### Required work
Find the "juice voor Jools." line in the records below and repeat it and every later line exactly, up to the last; do not include pictures.

#### The input ####

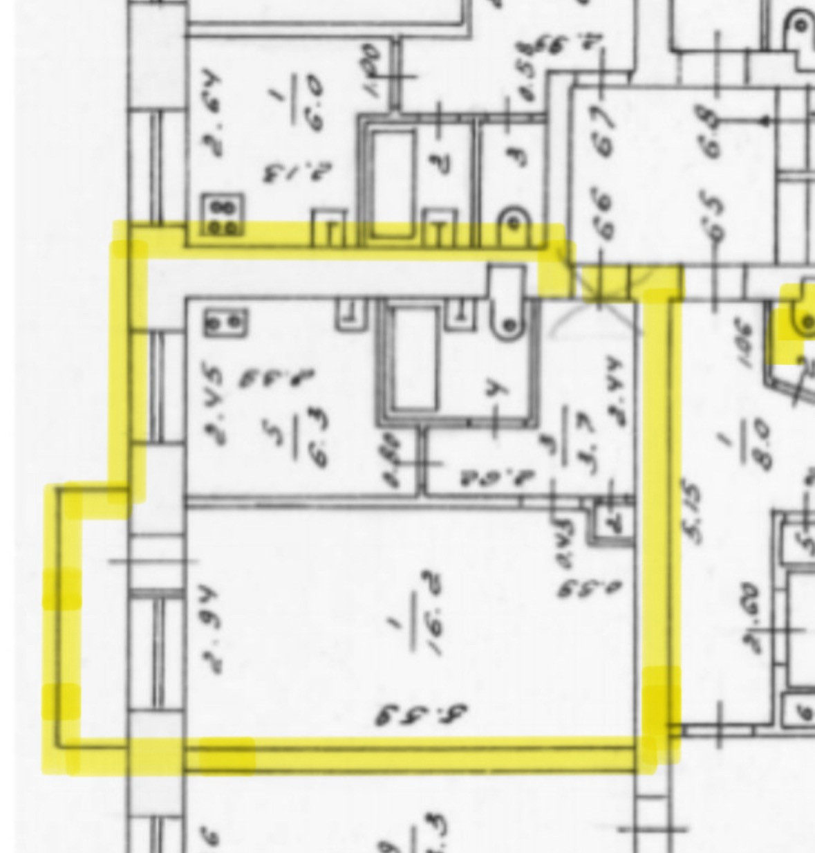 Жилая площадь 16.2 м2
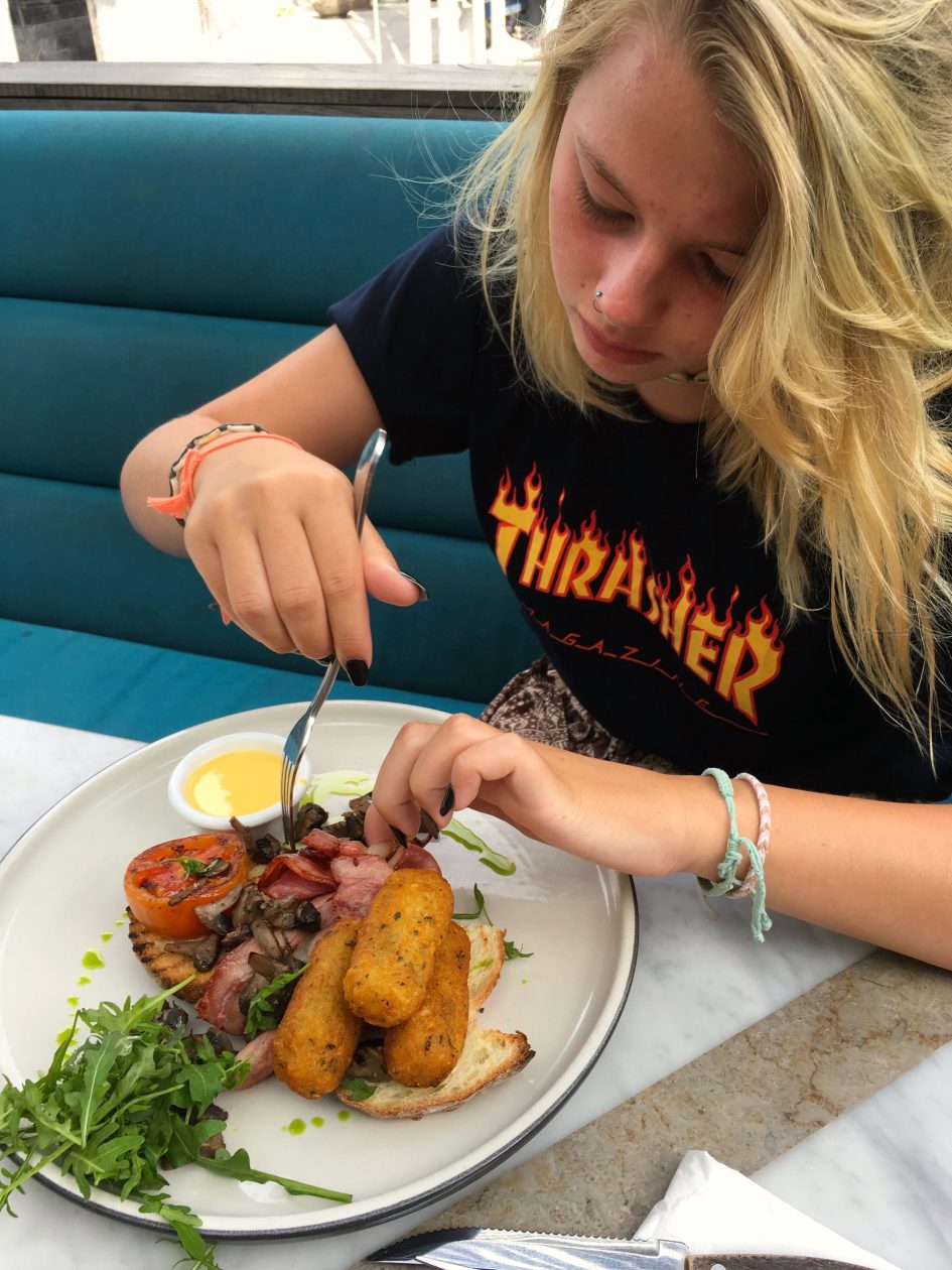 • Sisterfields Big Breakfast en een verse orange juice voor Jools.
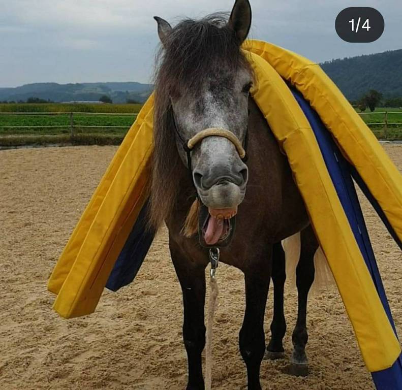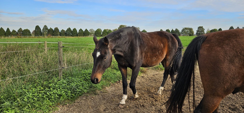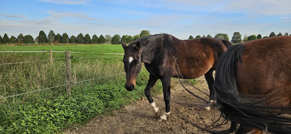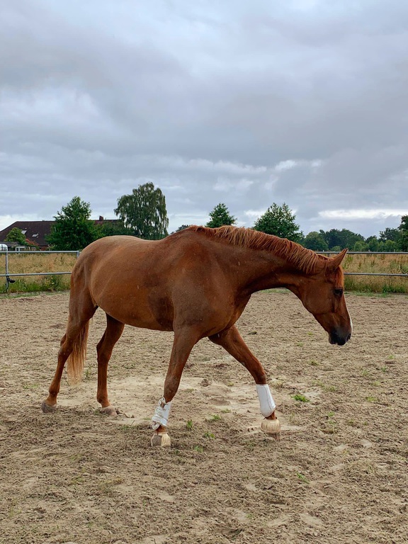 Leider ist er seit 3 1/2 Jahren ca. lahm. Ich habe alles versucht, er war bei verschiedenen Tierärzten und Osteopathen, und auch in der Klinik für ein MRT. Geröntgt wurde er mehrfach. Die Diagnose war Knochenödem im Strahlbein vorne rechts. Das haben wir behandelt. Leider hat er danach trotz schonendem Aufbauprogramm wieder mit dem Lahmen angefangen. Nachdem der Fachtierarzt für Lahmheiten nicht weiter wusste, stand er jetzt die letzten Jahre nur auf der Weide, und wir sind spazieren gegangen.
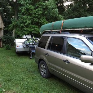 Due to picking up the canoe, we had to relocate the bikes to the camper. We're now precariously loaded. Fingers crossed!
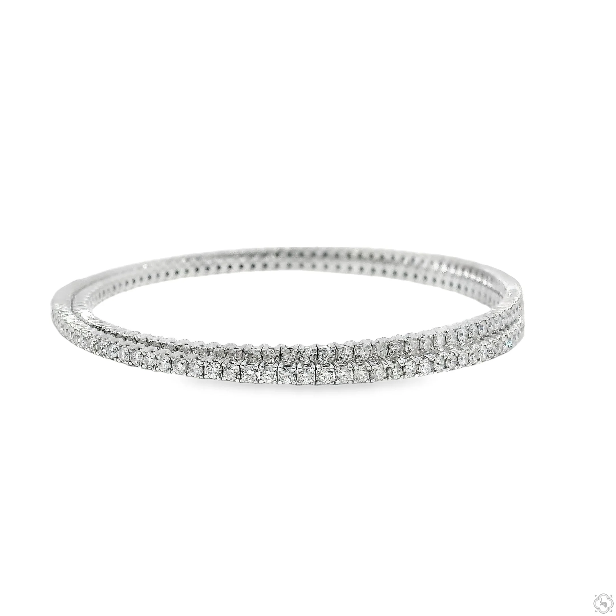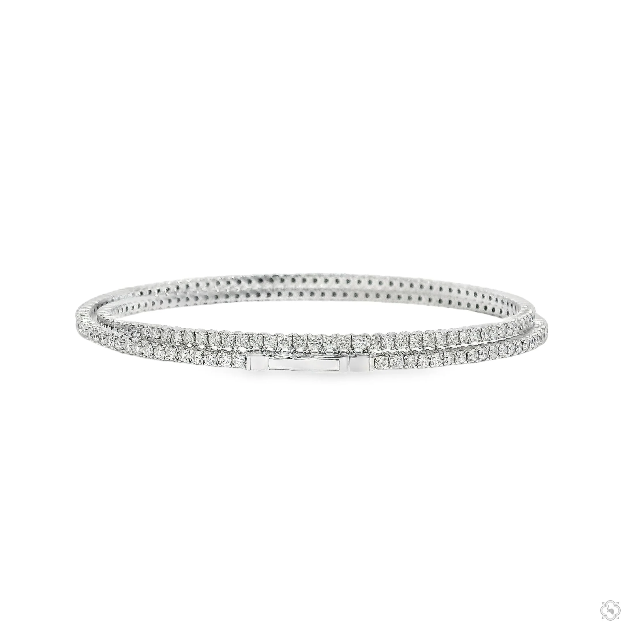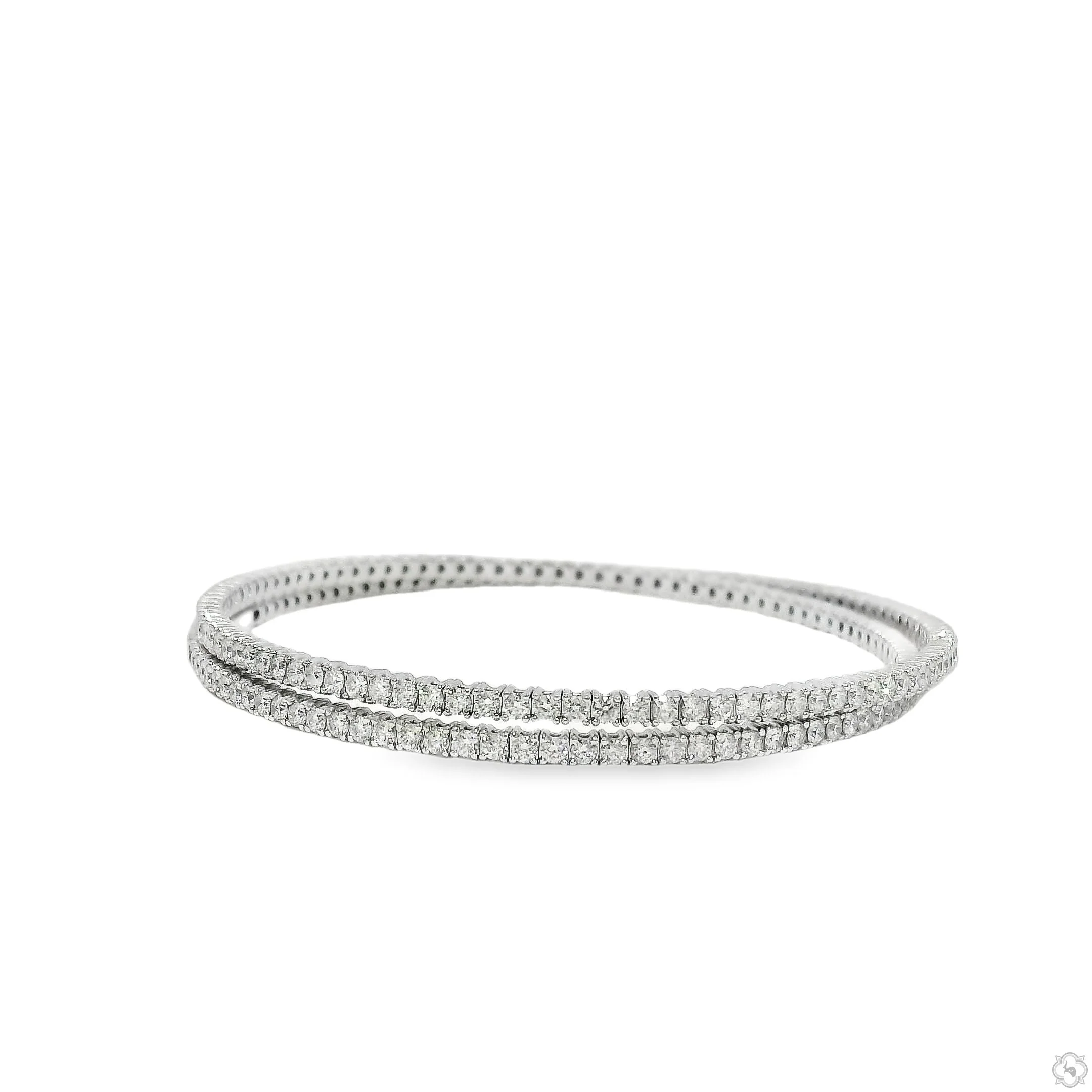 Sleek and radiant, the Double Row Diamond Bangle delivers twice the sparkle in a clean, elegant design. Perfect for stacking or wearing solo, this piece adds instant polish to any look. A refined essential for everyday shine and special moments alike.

####

### Answer section
 • Sisterfields Big Breakfast en een verse orange juice voor Jools.
 Leider ist er seit 3 1/2 Jahren ca. lahm. Ich habe alles versucht, er war bei verschiedenen Tierärzten und Osteopathen, und auch in der Klinik für ein MRT. Geröntgt wurde er mehrfach. Die Diagnose war Knochenödem im Strahlbein vorne rechts. Das haben wir behandelt. Leider hat er danach trotz schonendem Aufbauprogramm wieder mit dem Lahmen angefangen. Nachdem der Fachtierarzt für Lahmheiten nicht weiter wusste, stand er jetzt die letzten Jahre nur auf der Weide, und wir sind spazieren gegangen.
 Due to picking up the canoe, we had to relocate the bikes to the camper. We're now precariously loaded. Fingers crossed!
 Sleek and radiant, the Double Row Diamond Bangle delivers twice the sparkle in a clean, elegant design. Perfect for stacking or wearing solo, this piece adds instant polish to any look. A refined essential for everyday shine and special moments alike.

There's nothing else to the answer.